I don't believe spitting is always "positive" during sex. Many people who are kinky enjoy engaging in that activity, but for those who aren't kinky/not into that particular kink it would be a negative experience. What others say on the internet doesn't mean it holds true for you; if you felt degraded in an unpleasant way then that experience is valid, and it's something that should be talked about, should you desire to continue to have any sort of relationship with this guy.

It's obvious a clear miscommunication happened. He made some very incorrect assumptions about what you would enjoy. In the kink world, we do believe it's important to sit down before an encounter and talk about desires, limits, safe words, and safety. We negotiate so that everyone involved in the experience has the best chance of having a good time.
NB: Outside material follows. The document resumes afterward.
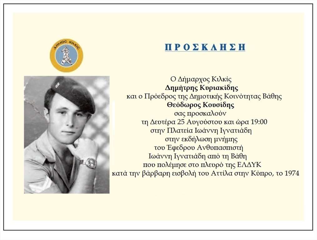 Ο Δήμος Κιλκίς και η Δημοτική Κοινότητα Βάθης αποτίουν τον οφειλόμενο φόρο τιμής στον έφεδρο ανθυπασπιστή Ιωάννη Ιγνατιάδη, τον μοναδικό Κιλκισιώτη αγνοούμενο που πολέμησε εναντίον του Αττίλα στην τριήμερη άνιση μάχη της Ελληνικής Δύναμης Κύπρου (ΕΛ.ΔΥ.Κ) τον μαύρο Αύγουστο του 1974, κατά τη δεύτερη εισβολή ισχυρών τουρκικών αρμάτων και πεζικού στη μαρτυρική Κύπρο.

It's not foolproof but it helps a lot more than just going into an encounter without having talked about anything; that's how consent violations happen. Most people outside of the kink world don't tend to take as many precautions about sexual encounters as we do, but it's still not a bad idea to take that approach.

This is my personal belief alone, so you can take it or leave it, but if sexual limits aren't explicitly discussed beforehand and something isn't considered "standard" (i.e. not depicted in mainstream sexual culture, like spitting, for example), it needs to get talked about before it happens. Maybe he had a partner before who liked getting spit in the face, but that doesn't mean all his other partners will, and it's important to bring that to his attention. Hopefully he'll be open and receptive during that conversation. If he's not, it's probably best to move on.

Good luck, and PM me if you need anything else.